Zobacz też: Fotowoltaika: W 2020 kolejne ułatwienia dla prosumentów energii

Mikromagazyny energii

- Myślę, że można zacząć myśleć – patrząc, jaki jest sukces programu "Mój prąd" - czy nie warto wspierać tych Polaków, którzy zechcieliby zainstalować w swoich domach mikromagazyny energii tak, żeby nie oddawać jej do sieci. Chociaż ten system prosumencki jest dzisiaj tak korzystny, że aż boli, aby dotować takie mikromagazyny w domach jednorodzinnych - uznał Woźny. 

Dzięki obecnemu systemowi prawnemu i spółkom energetycznym prosument cały czas korzysta z energii: w pierwszej kolejności korzysta z własnej produkcji, a ewentualną nadwyżkę oddaje do sieci, rozliczając się za nią następnie w cyklu rocznym: przy instalacji do 10 kilowatów kosztuje go to 20 proc. oddanej energii, a do 20 kW – 30 procent - tłumaczy Woźny. 

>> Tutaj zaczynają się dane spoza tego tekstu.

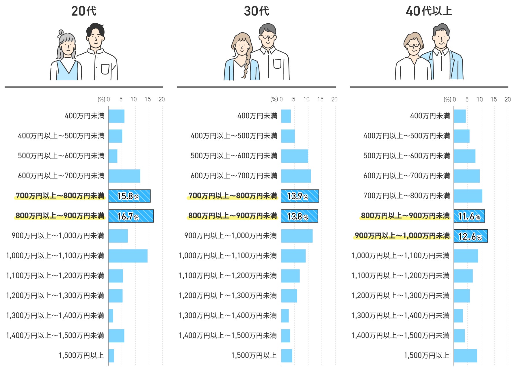 共働き夫婦の世帯年収は、800~900万円未満が11.0%で最多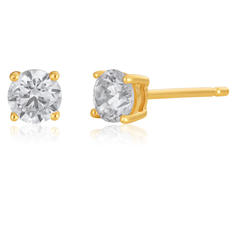 9ct Yellow Gold Cubic Zirconia 4mm Round Brilliant Cut Stud Earrings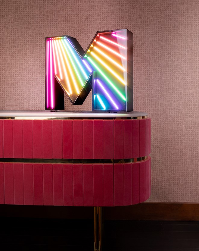 An eye-catching touch to a big, bold and bright marquee letter design. A unique way of bringing a unique, colourful and cheerful touch to any exterior or interior design project. With its stunning rainbow neon effect, this versatile lighting design can be placed in the wall or on the floor. Coming with a large anti-reflective acrylic panel to protect the neons this marquee letter design has 1 meter and its handmade in acrylic and aluminum. Customizable on demand it's also available in a mini version, this marquee letter is perfect for a fun lobby.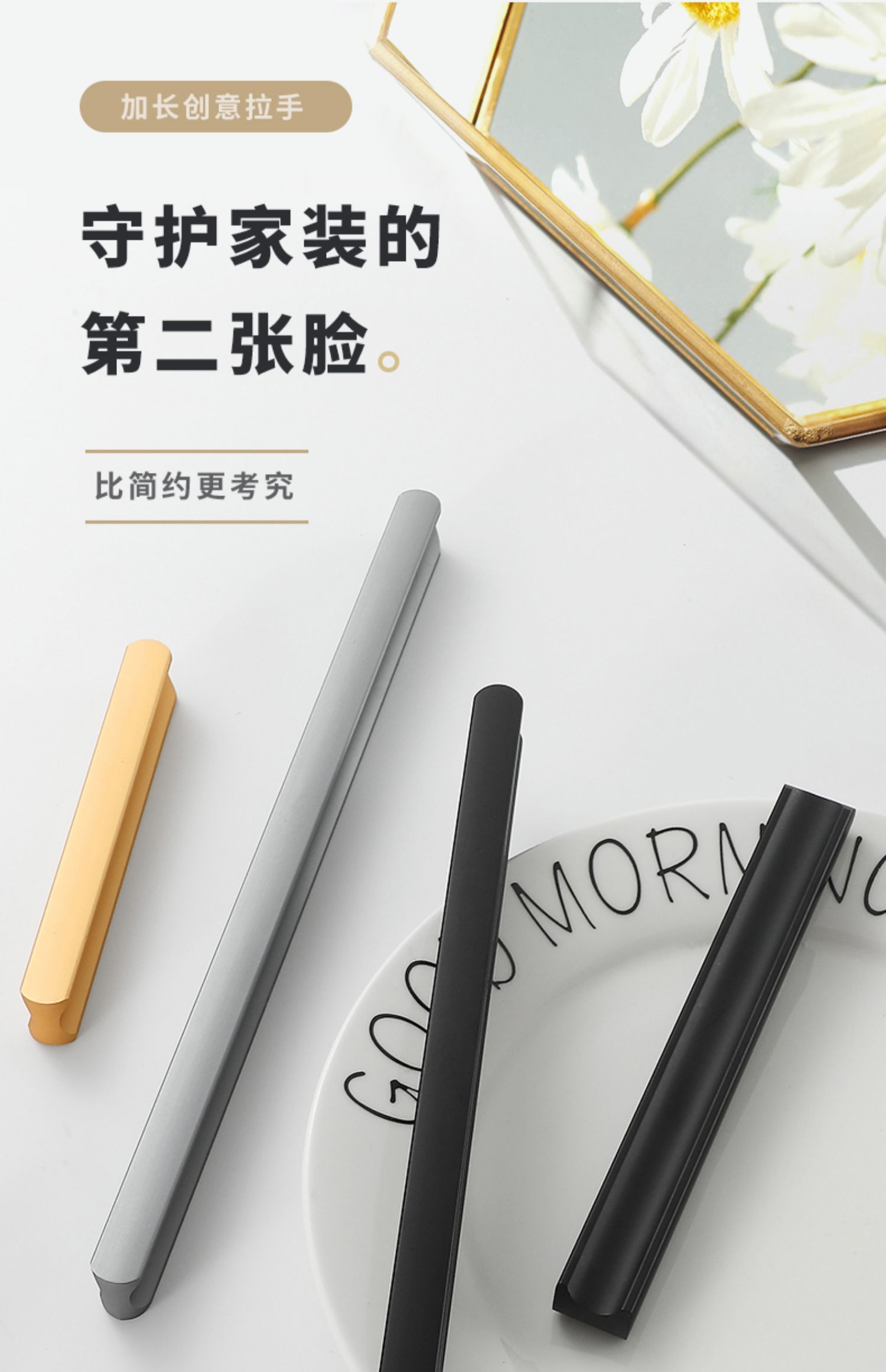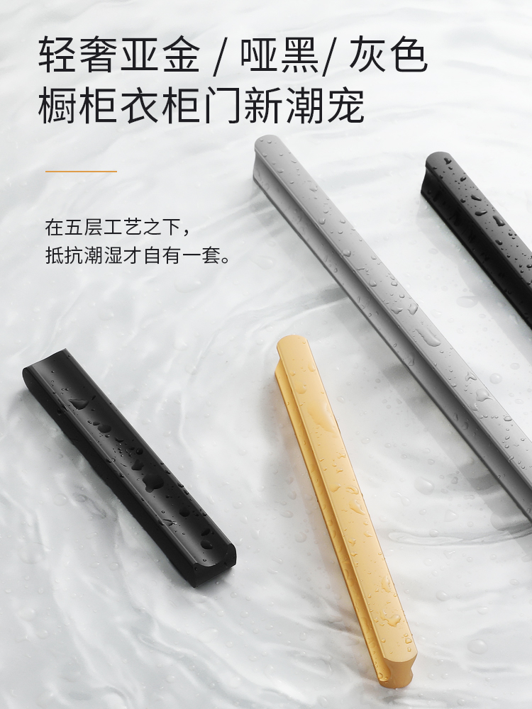 Tay nắm cửa tủ quần áo Tay nắm ngăn kéo tủ bếp sang trọng Tay nắm cửa tủ tủ đen xám hiện đại tối giản Tay nắm màu vàng. Tay nắm cửa nhập khẩu

- Więc mamy do czynienia z przepiękną formą wirtualnego magazynu. To dlatego tak się fotowoltaika prosumencka w Polsce świetnie rozwija – bo są świetnie skonfigurowane, proklienckie przepisy, jest ulga termomodernizacyjna w PIT od 1 stycznia br. i jest jeszcze ta wisienka na torcie dla nieprzekonanych: 5 tys. zł dotacji z "Mojego prądu" - mówi Woźny. 

Program "Mój prąd"

"Mój prąd" to program wsparcia budowy domowych mikroinstalacji fotowoltaicznych. Mogą z niego skorzystać osoby fizyczne, ktore mają w swom domu instalacje wytwarzające prąd o mocy od 2 do 10 kW. Dodatkowym warunkiem jest posiadanie umowy kompleksowej przewidującej wprowadzenia do sieci energii elektrycznej wytworzonej w mikroinstalacji. 

Budżet programu to 1 mld zł, a dofinansowanie może sięgnąć maksymalnie 50 proc. kosztów kwalifikowanych inwestycji, lecz nie więcej niż 5 tys. zł. O przyznaniu wsparcia decyduje kolejność złożenia prawidłowego wniosku. Nabór wniosków trwa do 20 grudnia 2019 r. lub do wyczerpania puli pieniędzy. 

Ministerstwo Energii przewiduje, że dzięki programowi powstanie 200 tysięcy domowych instalacji PV o łącznej mocy 1,2 GW. Kolejny nabór wniosków w programie "Mój prąd" jest planowany od początku 2020 r.